The United States has decided to resume formal contacts with the Muslim Brotherhood in Egypt in a move that reflects the Islamist…

The United States has decided to resume formal contacts with the Muslim Brotherhood in Egypt in a move that reflects the Islamist group's growing political weight internationally but that is almost certain to upset Israel and its US backers.

"The political landscape in Egypt has changed, and is changing," said the senior official, who spoke on condition of anonymity. "It is in our interests to engage with all of the parties that are competing for parliament or the presidency."

The official sought to portray the shift as a subtle evolution rather than a dramatic change in Washington's stance toward the Brotherhood, a group founded in 1928 that seeks to promote its conservative vision of Islam in society.

Under the previous policy, US diplomats were allowed to deal with Brotherhood members of parliament who had won seats as independents - a diplomatic fiction that allowed them to keep lines of communication open.

Where US diplomats previously dealt only with group members in their role as parliamentarians, a policy the official said had been in place since 2006, they will now deal directly with low-level Brotherhood party officials.

There is no US legal prohibition against dealing with the Muslim Brotherhood itself, which long ago renounced violence as a means to achieve political change in Egypt and which is not regarded by Washington as a foreign terrorist organisation.

But other sympathetic groups, such as Hamas, which identifies the Brotherhood as its spiritual guide, have not disavowed violence against the state of Israel.

The result has been a dilemma for the Obama administration.
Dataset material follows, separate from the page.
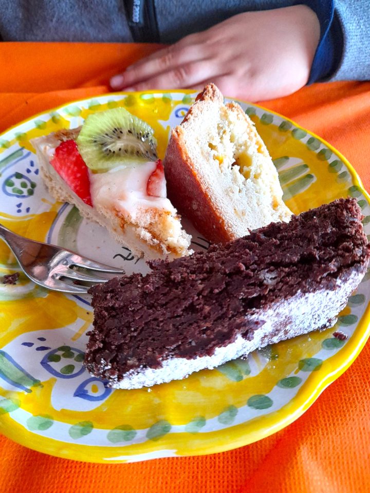 The sweet endings to the meal are always a highlight, especially for my son; the fresh fruit pies, rustic cakes filled with ricotta and pastry cream, chocolate and almond cakes from the island of Capri, and all else typical from the area. But the “icing on the cake” for him, and us too, includes a final good-bye-for-now to the farm animals; the donkeys, cows, and pigs —and glimpse of this little piece of paradise suspended between the sea and sky on the Amalfi Coast.

Former officials and analysts said it has little choice but to engage the Brotherhood directly, given its political prominence after the February 11th downfall of former president Hosni Mubarak.

Mr Obama is likely to face criticism for engaging with the Brotherhood, even tentatively.
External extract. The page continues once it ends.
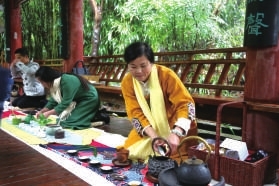 这是“无我茶会”首次走进咸宁,参加活动的茶友们,来自武汉、荆门、咸宁等地。他们身着茶服,入席、备具、净手、泡茶、相互奉茶,四周掩映的修竹,成了妆点茶席的最佳道具。长廊里,不少游客纷纷闻香而来,从席首喝至席尾。“我数了下,总共有50席,每一席用来待客的茶品都不一样,一个下午就将七大茶类喝全了。”家住温泉十六潭公园的胡先生兴奋地说。

Howard Kohr, executive director of the American Israel Public Affairs Committee (Aipac), made clear the pro-Israel group's deep scepticism about the group in a speech last month.
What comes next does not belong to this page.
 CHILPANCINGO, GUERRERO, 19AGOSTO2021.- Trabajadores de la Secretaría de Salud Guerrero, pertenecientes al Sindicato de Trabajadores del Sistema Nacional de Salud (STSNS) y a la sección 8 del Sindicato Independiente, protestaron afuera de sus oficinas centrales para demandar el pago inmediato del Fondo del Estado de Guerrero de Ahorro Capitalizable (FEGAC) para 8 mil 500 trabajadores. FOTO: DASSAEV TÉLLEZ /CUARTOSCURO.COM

"While we all hope that Egypt emerges from its current political transition with a functioning, Western-oriented democracy, the fact is the best-organised political force in Egypt today is the Muslim Brotherhood - which does not recognize Israel," Mr Kohr said.

Former US diplomats said the United States had to engage with the Brotherhood given its influence in Egypt.

"We cannot have a free and fair election and democracy unless we are going to be willing to talk to all the people that are a part of that democracy," said Edward Walker, a former US ambassador to Egypt and Israel who now teaches at Hamilton College.

Egypt's parliamentary elections are scheduled for September and its military rulers have promised to hold a presidential vote by the end of the year.

US dealings with the Brotherhood have evolved over time and officials have found ways to keep lines open under the cover of one diplomatic fig leaf or another.

The group says it wants a civil state based on Islamic principles, but talk by some members of an "Islamic state" or "Islamic government" have raised concerns that their goal is a state where full Islamic sharia law is implemented. The group says such comments have been taken out of context.

The US official who declined to be identified said US diplomats "will continue to emphasise the importance of support for democratic principles and a commitment to nonviolence, and respect for minority and women's rights in conversations with all groups, including the Muslim Brotherhood."